Département d'Anesthésie Réanimation, Centre Hospitalier Lyon Sud, Hospices Civils de Lyon, Lyon, France; CIRI-Centre International de Recherche en Infectiologie (Team PHE3ID), Univ Lyon, Université Claude Bernard Lyon 1, Inserm, U1111, CNRS, UMR5308, ENS Lyon, 46 allée d'Italie, Lyon 69007, France; Université Lyon 1.
Département d'Anesthésie Réanimation, Centre Hospitalier Lyon Sud, Hospices Civils de Lyon, Lyon, France; REA REZO Infections & Antibiorésistance en Réanimation, Hôpital Henry Gabrielle, Villa Alice, 20 route de Vourles, Saint Genis-Laval 69 230, France; CIRI-Centre International de Recherche en Infectiologie (Team PHE3ID), Univ Lyon, Université Claude Bernard Lyon 1, Inserm, U1111, CNRS, UMR5308, ENS Lyon, 46 allée d'Italie, Lyon 69007, France.
J Crit Care. 2023 Dec;78:154330. doi: 10.1016/j.jcrc.2023.154330. Epub 2023 May 31.
Septic shock is associated in some patients with a profound immunosuppression. We hypothesized that GM-CSF would reduce the occurrence of ICU-acquired infections in immunosuppressed septic patients.

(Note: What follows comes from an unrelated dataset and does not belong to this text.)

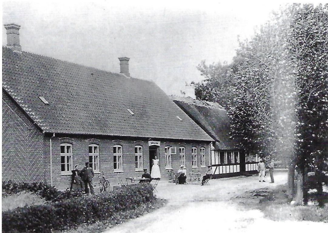
Skovballe kro var rammen om en husflidsudstilling søndag d. 8. maj 1904.

maj. 8. maj har konsulent Paff lovet at tale. 10. maj skal der være præmieuddeling og om aftenen dans.

Randomized double-blind trial conducted between 2015 and 2018. Adult patients, admitted to ICU, with severe sepsis or septic shock presenting with sepsis-induced immunosuppression defined by mHLA-DR < 8000 ABC (antibodies bound per cell) at day 3 were included. Patients were randomized to receive GM-CSF 125 μg/m or placebo for 5 days at a 1:1 ratio. The primary outcome was the difference in the number of patients presenting≥1 ICU-acquired infection at day 28 or ICU discharge.
The study was prematurely stopped because of insufficient recruitment. A total of 98 patients were included, 54 in the intervention group and 44 in the placebo group. The two groups were similar except for a higher body mass index and McCabe score in the intervention group. No significant difference was observed between groups regarding ICU-acquired infection (11% vs 11%, p = 1.000), 28-day mortality (24% vs 27%,p = 0.900), or the number or localization of the ICU infections.
GM-CSF had no effect on the prevention of ICU-acquired infection in sepsis immunosuppression, but any conclusion is limited by the early termination of the study leading to low number of included patients.
在一些患者中,感染性休克与严重的免疫抑制有关。我们假设 GM-CSF 可降低免疫抑制性感染性休克患者 ICU 获得性感染的发生。
这是一项在 2015 年至 2018 年间进行的随机、双盲试验。纳入 ICU 收治的成年患者,其患有严重脓毒症或感染性休克,且在第 3 天存在由 mHLA-DR<8000 ABC(每个细胞结合的抗体)定义的脓毒症诱导的免疫抑制。患者随机接受 GM-CSF(125μg/m)或安慰剂治疗,疗程为 5 天,比例为 1:1。主要结局为第 28 天或 ICU 出院时出现≥1 例 ICU 获得性感染的患者人数差异。
由于招募不足,该研究提前停止。共纳入 98 例患者,干预组 54 例,安慰剂组 44 例。两组除干预组的体重指数和 McCabe 评分较高外,其他方面均相似。两组 ICU 获得性感染(11%比 11%,p=1.000)、28 天死亡率(24%比 27%,p=0.900)或 ICU 感染的数量或部位无显著差异。
GM-CSF 对预防脓毒症免疫抑制患者的 ICU 获得性感染无效,但任何结论均受到研究提前终止导致纳入患者数量较少的限制。